Set down again exactly the lines of the listing below that fall between the line holding "Встановіть рівень безпеки" and the line holding "คลิปชวนขนลุกนี้ถูกโพสต์โดยเฟซบุ๊ก -Alex Law", inclusive.

**Data provided:**
BEGIN
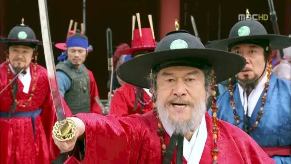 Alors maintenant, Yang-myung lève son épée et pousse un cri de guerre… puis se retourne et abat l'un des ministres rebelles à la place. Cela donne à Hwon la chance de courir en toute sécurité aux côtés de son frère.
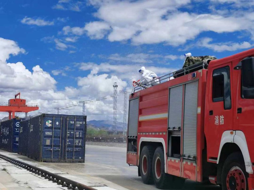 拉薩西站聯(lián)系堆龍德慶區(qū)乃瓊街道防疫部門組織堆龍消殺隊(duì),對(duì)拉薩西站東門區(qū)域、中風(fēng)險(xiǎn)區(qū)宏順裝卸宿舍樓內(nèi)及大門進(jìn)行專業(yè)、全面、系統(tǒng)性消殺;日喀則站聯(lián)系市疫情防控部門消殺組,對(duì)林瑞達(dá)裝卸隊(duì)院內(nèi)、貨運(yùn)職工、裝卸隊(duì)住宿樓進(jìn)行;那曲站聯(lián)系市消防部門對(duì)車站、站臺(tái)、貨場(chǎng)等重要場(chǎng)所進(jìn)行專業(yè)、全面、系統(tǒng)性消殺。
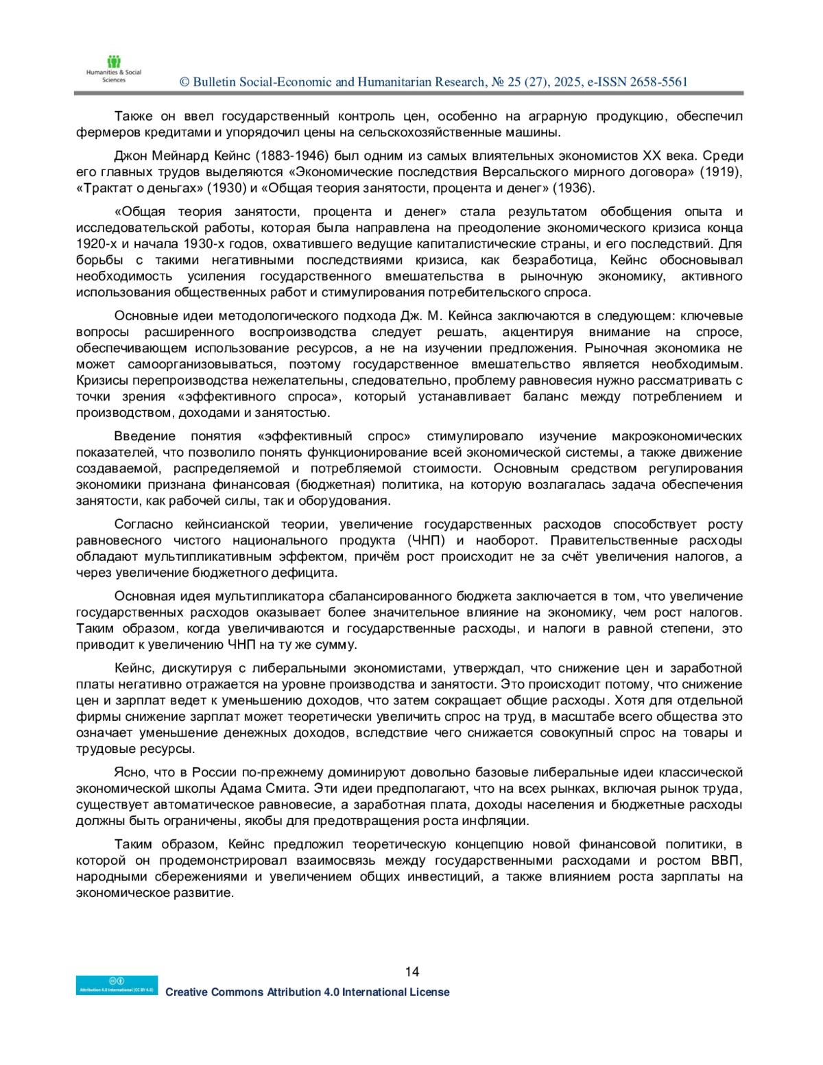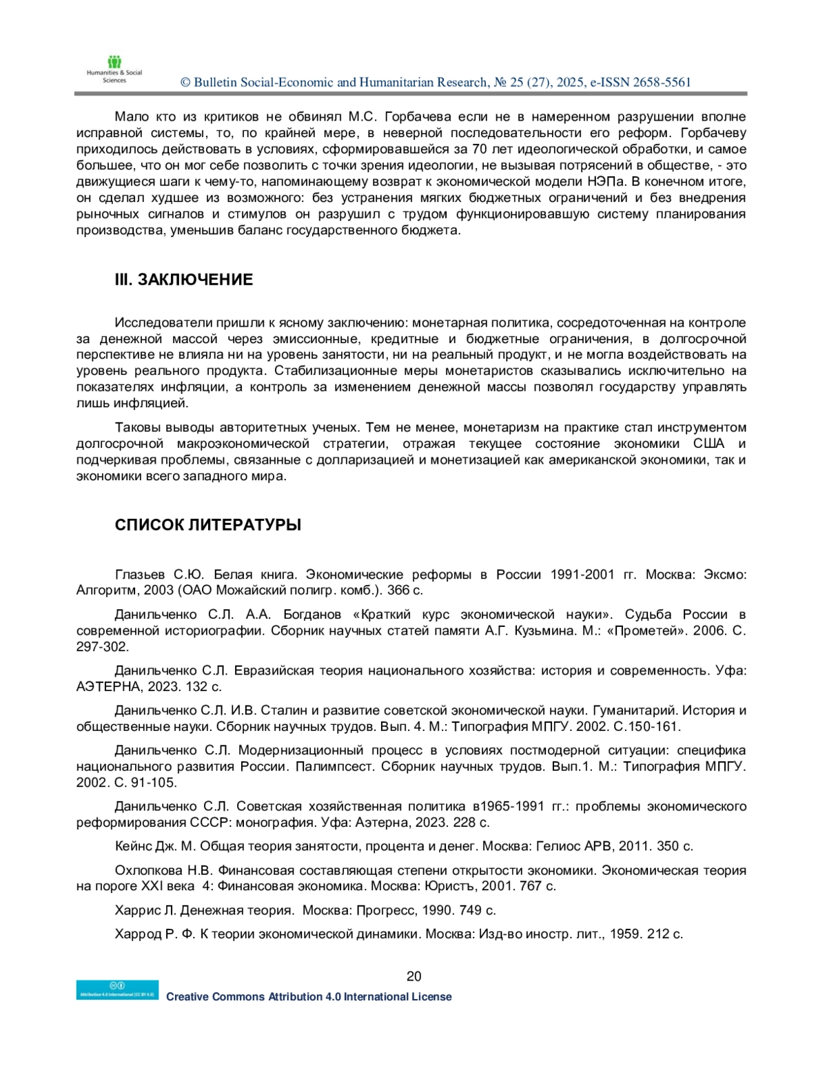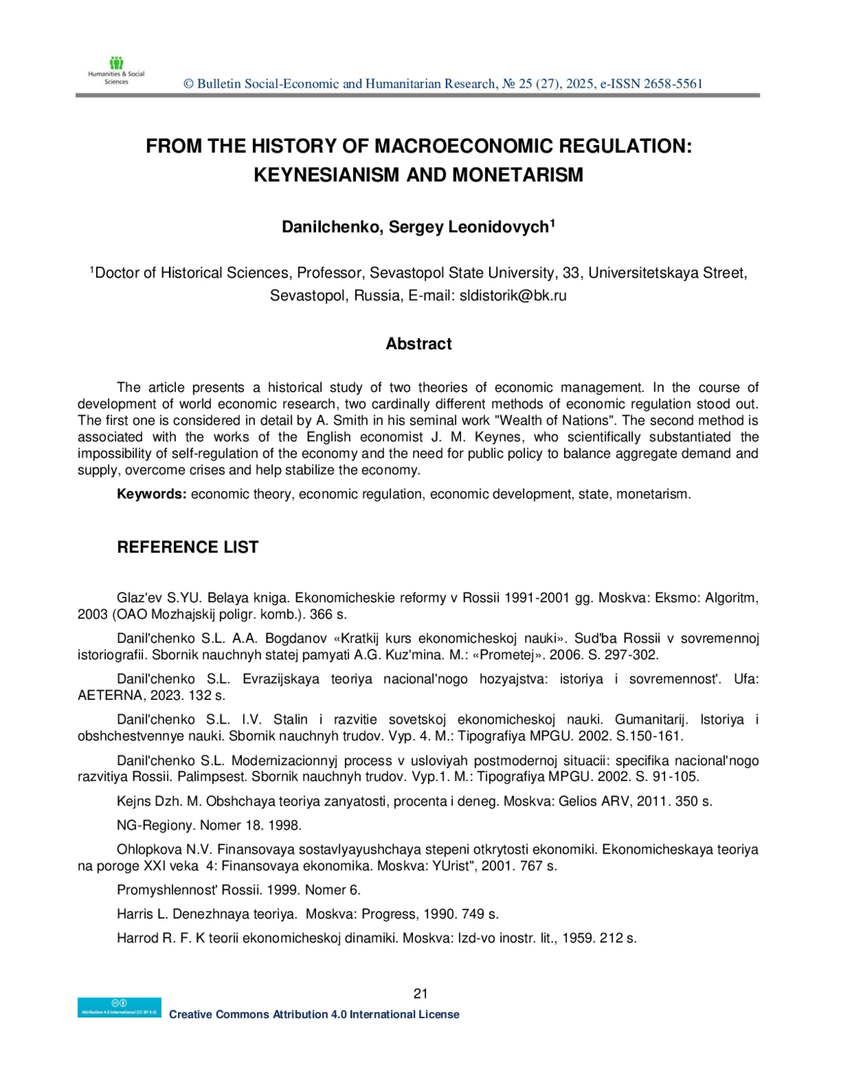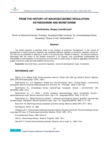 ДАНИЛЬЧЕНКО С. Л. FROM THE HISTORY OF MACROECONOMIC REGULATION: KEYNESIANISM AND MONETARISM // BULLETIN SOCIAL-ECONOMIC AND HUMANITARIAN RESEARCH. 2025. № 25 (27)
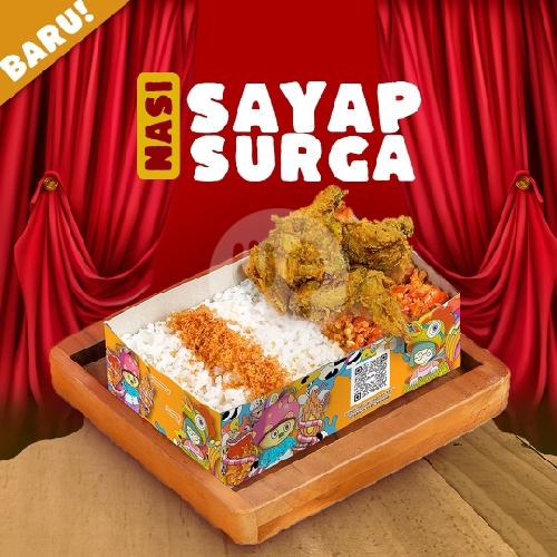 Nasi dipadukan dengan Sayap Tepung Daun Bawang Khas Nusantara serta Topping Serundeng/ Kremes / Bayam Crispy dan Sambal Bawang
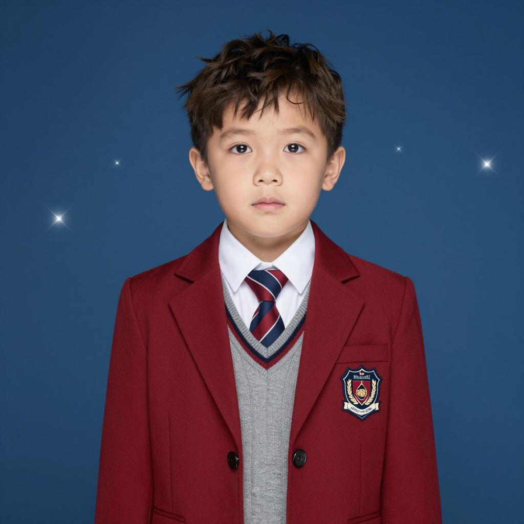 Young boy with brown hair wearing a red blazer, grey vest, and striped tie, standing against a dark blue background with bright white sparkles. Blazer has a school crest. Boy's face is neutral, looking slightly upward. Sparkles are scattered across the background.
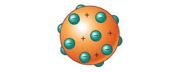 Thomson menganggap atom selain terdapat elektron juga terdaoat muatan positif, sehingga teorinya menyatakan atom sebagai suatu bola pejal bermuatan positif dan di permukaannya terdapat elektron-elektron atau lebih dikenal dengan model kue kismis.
END
BEGIN
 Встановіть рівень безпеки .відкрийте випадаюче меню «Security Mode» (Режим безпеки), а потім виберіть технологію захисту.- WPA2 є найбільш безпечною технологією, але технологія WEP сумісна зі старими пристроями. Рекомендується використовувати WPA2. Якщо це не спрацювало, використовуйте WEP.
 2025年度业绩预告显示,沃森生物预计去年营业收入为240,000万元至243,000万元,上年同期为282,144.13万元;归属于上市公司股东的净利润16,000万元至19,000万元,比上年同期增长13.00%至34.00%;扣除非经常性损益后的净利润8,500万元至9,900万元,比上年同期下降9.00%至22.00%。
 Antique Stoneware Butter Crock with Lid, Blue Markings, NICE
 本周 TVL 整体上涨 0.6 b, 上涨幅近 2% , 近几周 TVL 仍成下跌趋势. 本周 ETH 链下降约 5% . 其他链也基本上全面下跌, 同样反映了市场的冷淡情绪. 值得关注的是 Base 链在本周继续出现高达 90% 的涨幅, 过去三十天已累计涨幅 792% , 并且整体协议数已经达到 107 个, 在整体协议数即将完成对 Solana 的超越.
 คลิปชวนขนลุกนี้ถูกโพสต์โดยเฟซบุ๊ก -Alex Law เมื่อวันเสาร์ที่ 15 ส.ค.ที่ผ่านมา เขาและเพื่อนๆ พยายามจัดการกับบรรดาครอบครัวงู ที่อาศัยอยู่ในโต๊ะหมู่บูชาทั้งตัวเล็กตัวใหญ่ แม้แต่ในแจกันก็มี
END
BEGIN
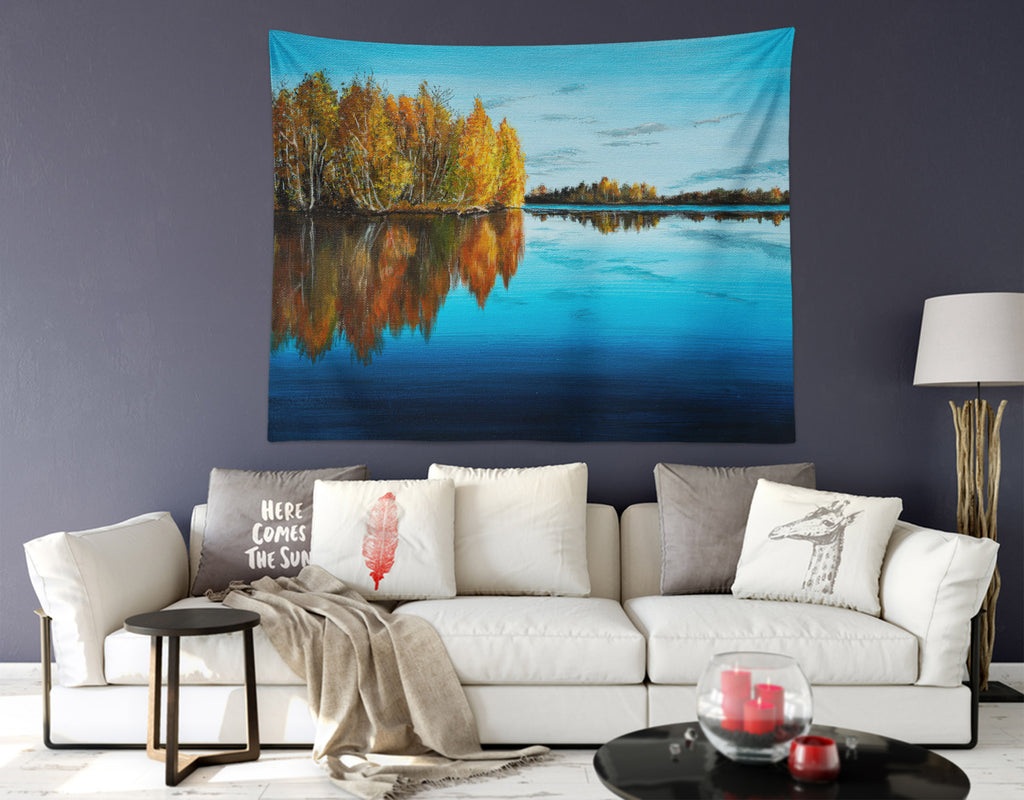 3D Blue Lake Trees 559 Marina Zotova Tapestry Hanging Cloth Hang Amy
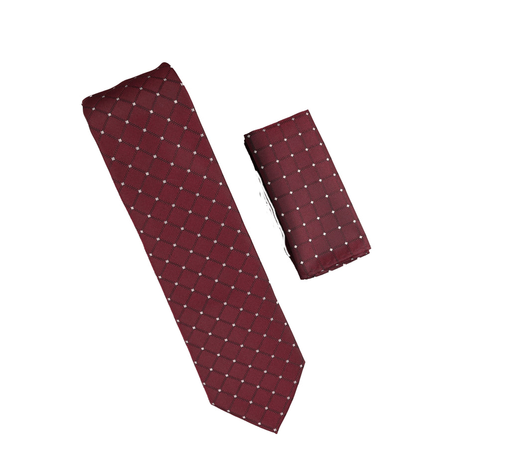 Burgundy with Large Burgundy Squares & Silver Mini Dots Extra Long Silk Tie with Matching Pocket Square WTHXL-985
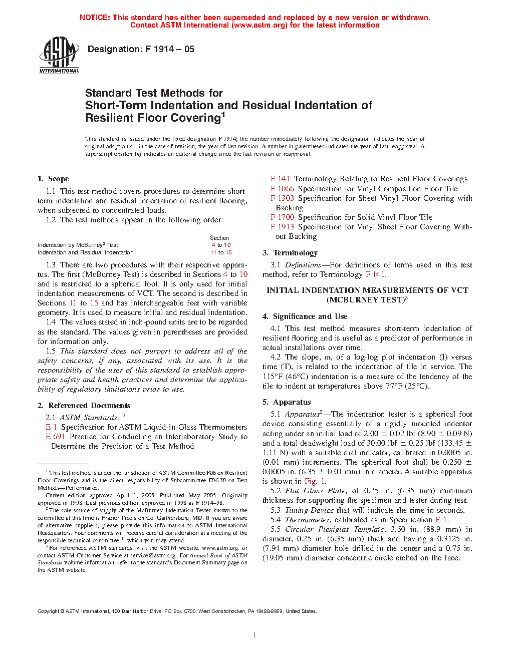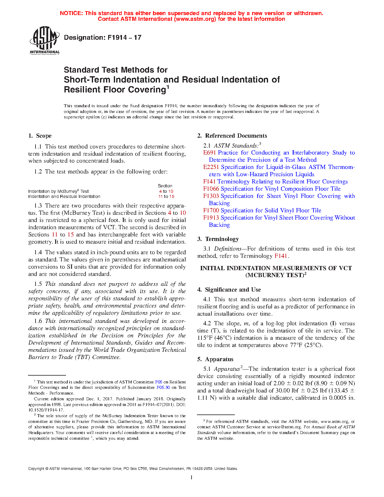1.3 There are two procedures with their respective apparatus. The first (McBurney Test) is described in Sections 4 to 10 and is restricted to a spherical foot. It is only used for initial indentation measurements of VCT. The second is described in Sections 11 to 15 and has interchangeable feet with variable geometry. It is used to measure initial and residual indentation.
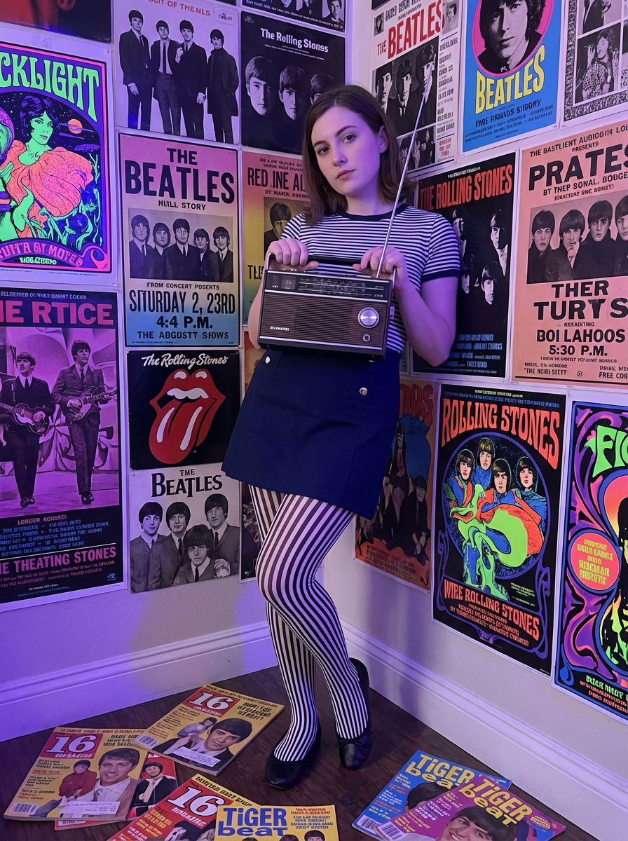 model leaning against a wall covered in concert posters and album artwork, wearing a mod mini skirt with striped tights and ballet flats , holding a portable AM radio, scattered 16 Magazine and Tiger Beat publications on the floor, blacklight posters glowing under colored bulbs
END
**Task solution:**
 Встановіть рівень безпеки .відкрийте випадаюче меню «Security Mode» (Режим безпеки), а потім виберіть технологію захисту.- WPA2 є найбільш безпечною технологією, але технологія WEP сумісна зі старими пристроями. Рекомендується використовувати WPA2. Якщо це не спрацювало, використовуйте WEP.
 2025年度业绩预告显示,沃森生物预计去年营业收入为240,000万元至243,000万元,上年同期为282,144.13万元;归属于上市公司股东的净利润16,000万元至19,000万元,比上年同期增长13.00%至34.00%;扣除非经常性损益后的净利润8,500万元至9,900万元,比上年同期下降9.00%至22.00%。
 Antique Stoneware Butter Crock with Lid, Blue Markings, NICE
 本周 TVL 整体上涨 0.6 b, 上涨幅近 2% , 近几周 TVL 仍成下跌趋势. 本周 ETH 链下降约 5% . 其他链也基本上全面下跌, 同样反映了市场的冷淡情绪. 值得关注的是 Base 链在本周继续出现高达 90% 的涨幅, 过去三十天已累计涨幅 792% , 并且整体协议数已经达到 107 个, 在整体协议数即将完成对 Solana 的超越.
 คลิปชวนขนลุกนี้ถูกโพสต์โดยเฟซบุ๊ก -Alex Law เมื่อวันเสาร์ที่ 15 ส.ค.ที่ผ่านมา เขาและเพื่อนๆ พยายามจัดการกับบรรดาครอบครัวงู ที่อาศัยอยู่ในโต๊ะหมู่บูชาทั้งตัวเล็กตัวใหญ่ แม้แต่ในแจกันก็มี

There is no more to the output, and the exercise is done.